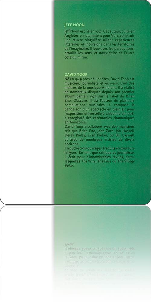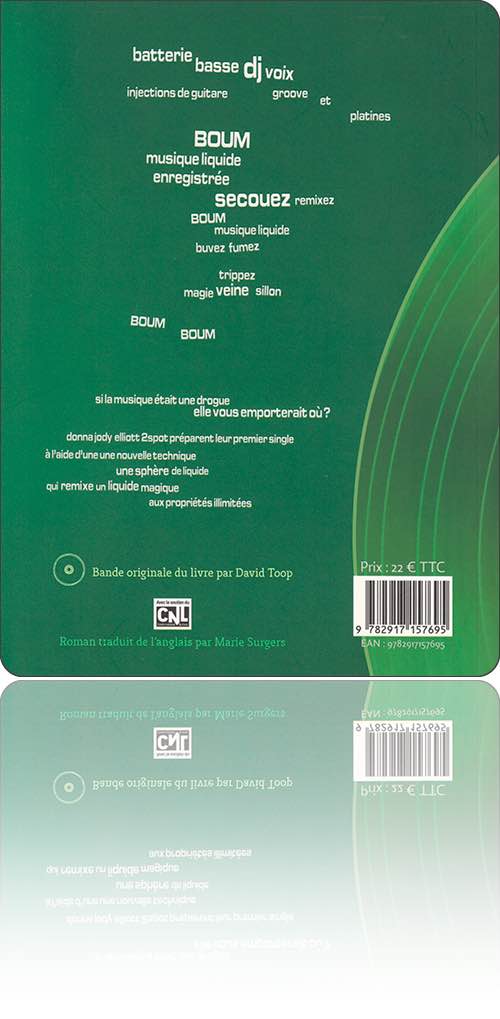 Conception graphique de Stéphanie Aparicio. Pour être complet, ce livre doit être accompagné sous le deuxième rabat du disque compact musical de la “bande originale du livre” : Needle in the groove par David Toop. Le service de presse était accompagné d'un prière d'insérer.
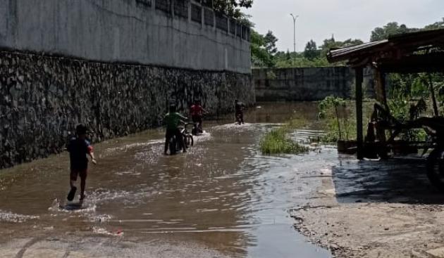 Banjir yang merendam jalanan di Kampung Gunung Batu, Desa Cijantra, Kecamatan Pagedangan, Kabupaten Tangerang tidak kunjung surut. (@TangerangNews / Rangga A Zuliansyah)
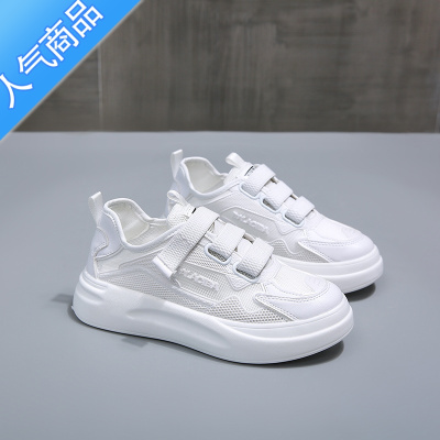 SUNTEK2023春夏新款网面小白鞋女ins透气薄款运动鞋魔术贴厚底休闲百搭
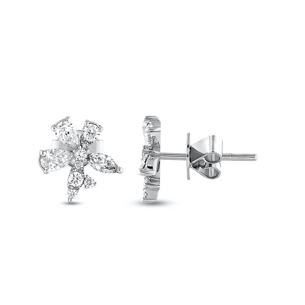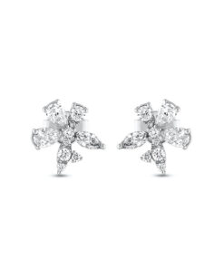 Te olśniewające kolczyki z białego złota 18-karatowego zachwycają swoim kwiatowym motywem, który powstał z połączenia różnych szlifów diamentów. Subtelne markizy, efektowne gruszki i błyszczące brylanty tworzą kompozycję pełną blasku i lekkości. Idealny wybór dla kobiet ceniących elegancję i wyrafinowany styl. Biżuteria, która podkreśla wyjątkowe chwile i dodaje uroku każdej stylizacji.
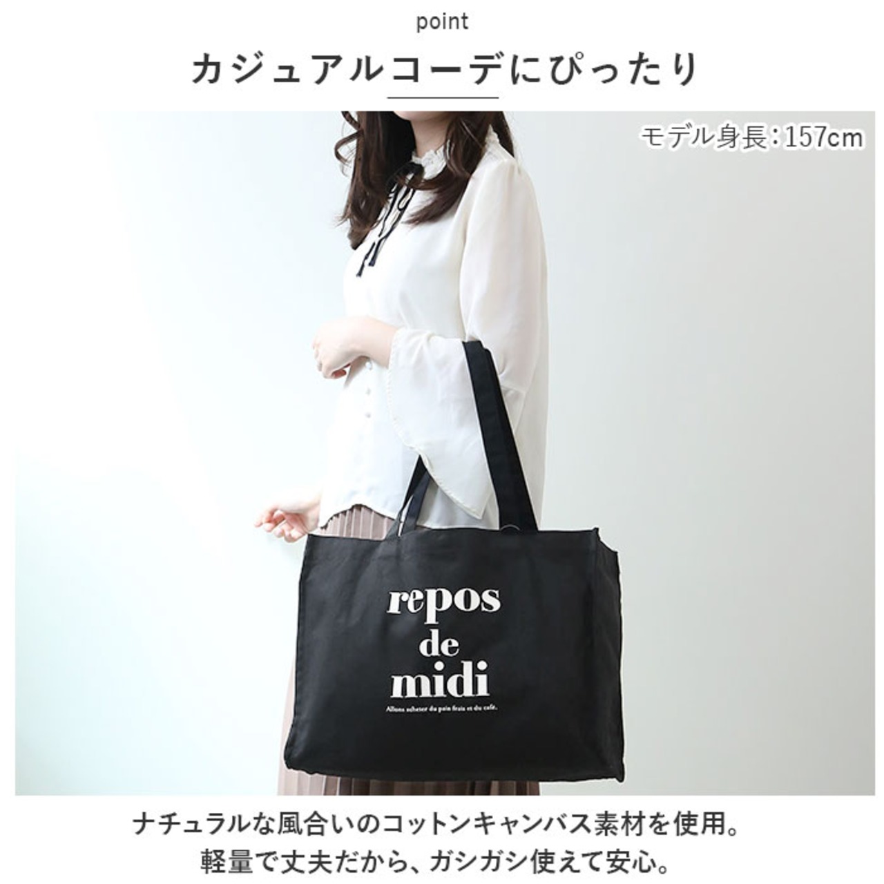 ・ナチュラルな風合いのコットンキャンバス素材を使用。軽量で丈夫だから、ガシガシ使えて安心。

What to work on ▸
Exact copy, no pictures: reproduce every record above.

Your response ▸
 Conception graphique de Stéphanie Aparicio. Pour être complet, ce livre doit être accompagné sous le deuxième rabat du disque compact musical de la “bande originale du livre” : Needle in the groove par David Toop. Le service de presse était accompagné d'un prière d'insérer.
 Banjir yang merendam jalanan di Kampung Gunung Batu, Desa Cijantra, Kecamatan Pagedangan, Kabupaten Tangerang tidak kunjung surut. (@TangerangNews / Rangga A Zuliansyah)
 SUNTEK2023春夏新款网面小白鞋女ins透气薄款运动鞋魔术贴厚底休闲百搭
 Te olśniewające kolczyki z białego złota 18-karatowego zachwycają swoim kwiatowym motywem, który powstał z połączenia różnych szlifów diamentów. Subtelne markizy, efektowne gruszki i błyszczące brylanty tworzą kompozycję pełną blasku i lekkości. Idealny wybór dla kobiet ceniących elegancję i wyrafinowany styl. Biżuteria, która podkreśla wyjątkowe chwile i dodaje uroku każdej stylizacji.
 ・ナチュラルな風合いのコットンキャンバス素材を使用。軽量で丈夫だから、ガシガシ使えて安心。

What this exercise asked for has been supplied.